A Vigil Centers Latinx & Black Queers In The Wake Of Orlando Shooting

Viva

In the wake of the mass shooting in Orlando, Florida, thousands of people have gathered around the country to pay their respect to fallen queer victims. While mainstream gay organizations like the Human Rights Center and GLAAD (Gay and Lesbian Alliance Against Defamation) have voiced their solidarity with the queer community in the wake of the tragedy, the discussion of intersection of race and the absence of safe space for Black and Latinx people (who were the majority of the victims) has been absent from the mainstream narrative.

READ: Orlando Nightclub Shooting Happened During LGBT, Immigrant & Caribbean Heritage Month

At a Pulse vigil in Rhode Island, on the steps of the State House, speaker Joe Wilson and Vanessa Flores-Maldonado brought up questions of race and privilege in the queer community, criminalization, and the investment in the struggles of queer youth of color.

“Many of the young people in the bar were being outed as a result of being shot at. Being outed as a result of their parents searching for them in both morgues and hospitals. And we have to stop allowing [that] the only way that people of color are being allowed to come out of the closet is after they’re being shot and maimed and abused. This movement is about jailing folks that don’t need to have these sentences for having a bag of weed.“Our issues go far beyond marriage… The gay rights movement needs an autopsy… How do we include black? How do we include Latin folks? How do we include the transgendered community? How do we speak intelligently about people using bathrooms?”
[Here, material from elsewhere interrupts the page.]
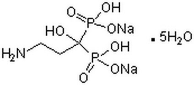 A potent and specific inhibitor of bone resorption that does not cause any significant detrimental effect on bone growth and mineralization at concentrations used. Effective in a variety of conditions characterized by pathologically enhanced bone turnover, including Paget’s disease, hypercalcaemia of malignancy, osteolytic bone metastasis, steroid-induced osteoporosis, and idiopathic osteoporosis. Inhibits breast cancer cell growth by inducing cell death in vitro. Provided in hydrated form, contains five molecules of water.

Wilson speaks to the rift that had previously developed within the queer community as a result of gay marriage. While marriage equality was won last year, Black and Latino queer youth are at a high-risk for homelessness, and they are also less likely to come out to their parents than white queers. Transgender Latinx women are often placed in male detention centers, as the protocol is not on self-assessed gender, by physical anatomy, while Black transgender women face high-poverty coupled with unemployment, and both are likely to acquire HIV in record numbers.

“It was towards the end of the speaking program that Vanessa Flores-Maldonado spoke. She politely interrupted the proceedings and asked permission to speak. Flores-Maldonado talked about her discomfort at the idea of a greater police presence at the Pride event this Saturday, police added due to heightened concerns after the Pulse shooting in Orlando.’How am I, a queer person of color, a queer woman of color, supposed to feel safe?’ Flores-Maldonado asked, ‘We need to remember that Stonewall happened because trans-women of color had enough of police riots.’ “

Maldonado’s speech alludes to the disconcerting fact that Black and Latinx queers are still routinely harassed by the police. In 2012, it was reported that among transgender Latinx women in Los Angeles County, two-thirds of the women reported that that they were verbally harassed by law enforcement, 21 percent had been physically assaulted by law enforcement, and 24 percent had been sexually assaulted by those on the force. In 2015, it was also reported that Black and Latinx transgender women who experienced domestic violence also experienced further violence at the hands of police. Black and Latinx queers are also likely to be profiled by police for drug dealing and sex work.

If we seek to honor the victims of the Pulse shootings, we must center the lives of Black and Latinx queers while they are living in terms of policy changes, economic equality, the allocation of resources for more safe spaces for queers of color, and continuous community organizing, not only when tragedy strikes.